Director General of the National Security Organization
- In office October 1979 – November 1983
- Preceded by: Abdullahi Mohammed
- Succeeded by: Mohammed Lawal Rafindadi

Federal Commissioner of Internal Affairs
- In office 1975–1979
- Preceded by: Adamu Suleiman
- Succeeded by: Maitama Bello Yusuf

Personal details
- Born: 19 January 1937 Kaura Namoda, Northern Region, British Nigeria (now Sokoto State, Nigeria)
- Died: 6 July 2016 (aged 79) London, England
- Alma mater: University of Lagos Nigerian Law School

= Umaru Shinkafi =

Nigerian intelligence chief, and Federal Commissioner of Internal Affairs

 Umaru Shinkafi (19 January 1937 – 6 July 2016) was a Nigerian intelligence chief, and Federal Commissioner of Internal Affairs. He was a presidential aspirant during the Third Nigerian Republic.

==Early career==
Umaru Shinkafi's father Ali Bisije was from Gashua, Yobe State while his mother was a Princess from Kaura Namoda, Zamfara State. Umaru Shinkafi was born in 1937 at Shinkafi, Zamfara State. He joined the Nigerian police force in 1959, after passing through the police college in Kaduna. In 1973 he graduated from the University of Lagos and a year later, he graduated from the Nigerian Law School. He was a Federal Commissioner of Internal Affairs in 1975 and later became the head of the National Security Organization in 1979.

==Third Republic==
During the Nigerian third republic, Shinkafi was one of the promoters of the Nigerian National Congress (NNC) a political association formed in 1989 after the disbanding of political groups by the Babangida administration, the NNC later joined the National Republican Convention. Early on, Shinkafi emerged as a leading presidential candidate during the period Babangida banned old breed politicians, he created a choice 92 campaign group for his presidential ambition which intended to have a canvasser in every ward of the federation.

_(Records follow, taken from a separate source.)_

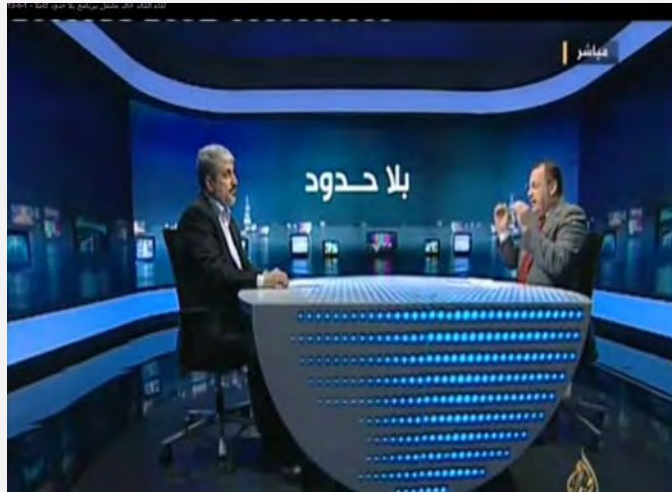
Khaled Mashal en una entrevista para al Jazeera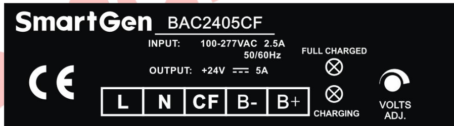
图2 BAC2405CF 面膜图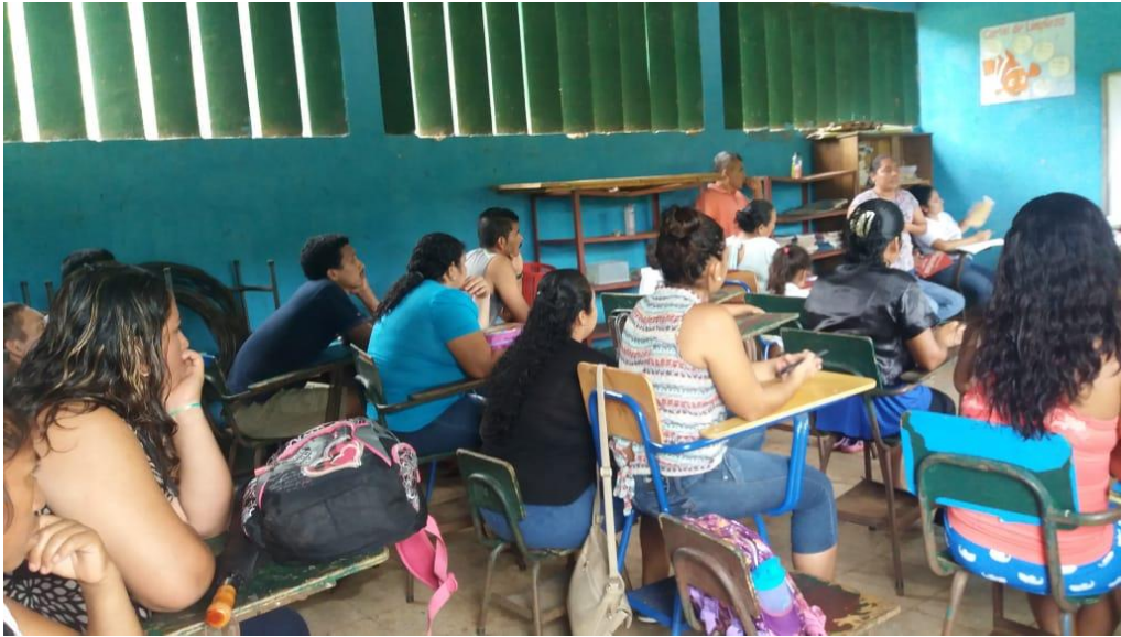
FOTOGRAFÍA No. 4. Durante la intervención del Voluntariado sobre el Rol de los padres de Familia de la Comunidad Educativa La Gavia, Oratorio, Santa Rosa (Finca Los Ángeles) 2017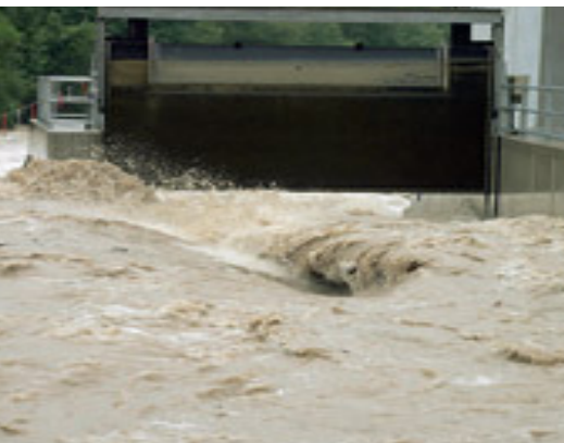
Kraftwerk Mühlthalwehr beim 30-jährigen Hochwasser am 7. August 2006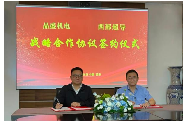
图 3：与西部超导签战略合作协议,完善上游超导磁场布局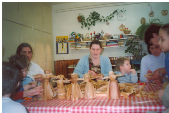
Készülnek a csuhébabák az Alma csoportban az Alma játszódélutánon.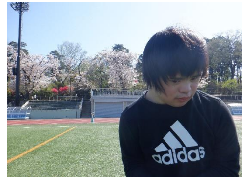
この桜も有名ですね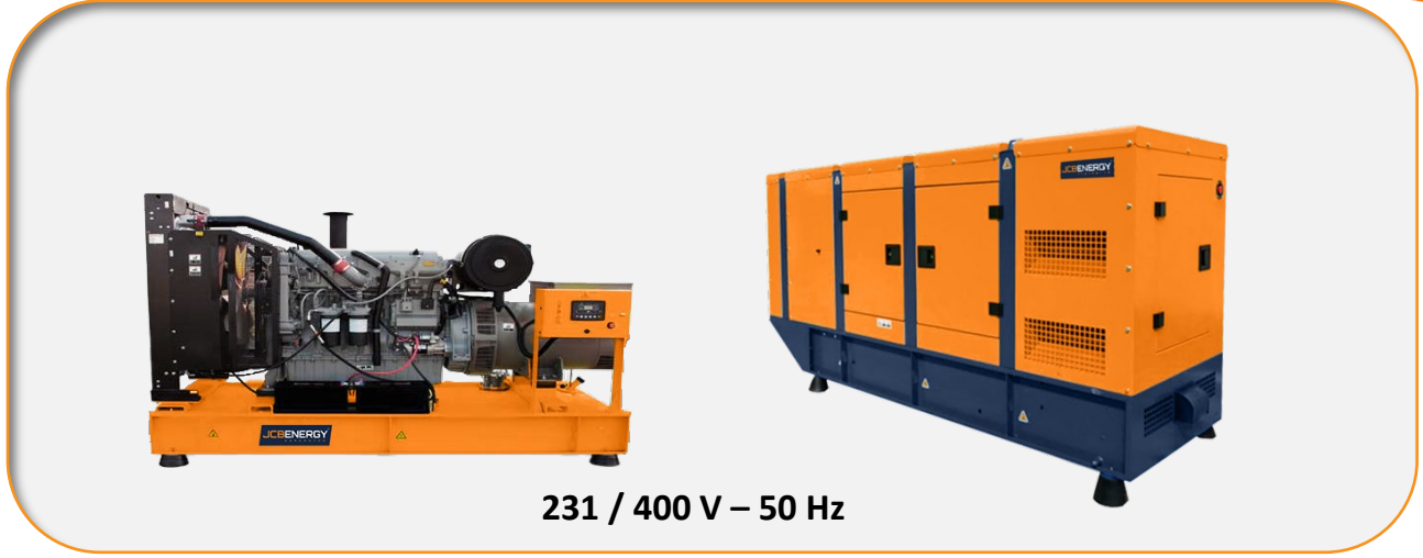
231 / 400 V – 50 Hz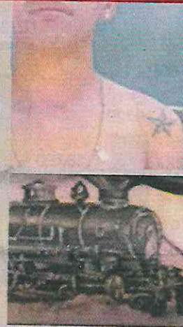
■ Tatuajes usados por el Tren de Aragua.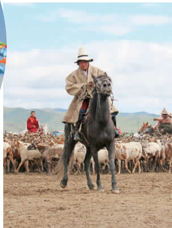
■红原县文艺汇演再现藏家游牧迁徙场面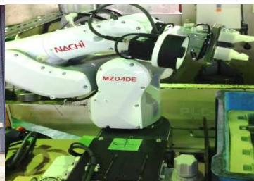
垂直多関節ロボット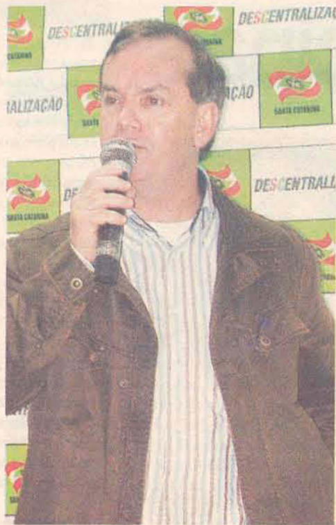
Líderes estaduais são esperados no encontro desse sábado

Na ocasião, será servido um arroz carreteiro doado pelo partido e a expectativa é de um grande público, repetindo a façanha do encontro realizado na Bunge, no qual cerca de 700 pessoas prestigiaram a reunião do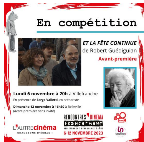
Visuel type pour réseaux sociaux (Facebook et Instagram)

Sujet Le journal des Rencontres - Jour 2 !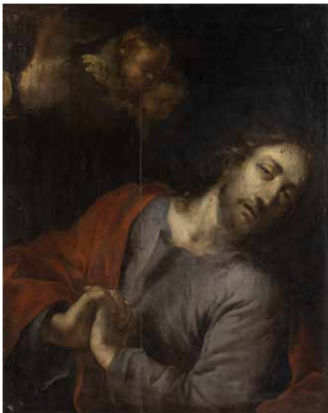
111 PITTORE LOMBARDO XVII Sec. "Ecce homo", olio su tavola 63,5x50,5 cm.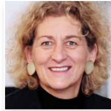
Lisa Braun Presseagentur Gesundheit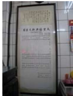
福興軒高懸 〈大里福興軒先輩圖〉

But after the unbanning of old breed politicians, he had to face tough competition in Adamu Ciroma, who had earlier supported his ambition. However, the primaries were later annulled and the presidential politicians banned, a new primary to be conducted under a new Option A4 electoral system was approved by Babangida. During the next primaries, Shinkafi supported the eventual NRC presidential candidate, Bashir Tofa and the party chairmanship aspirant, Hamed Kusamotu.

He died in London from an undisclosed illness on 6 July 2016.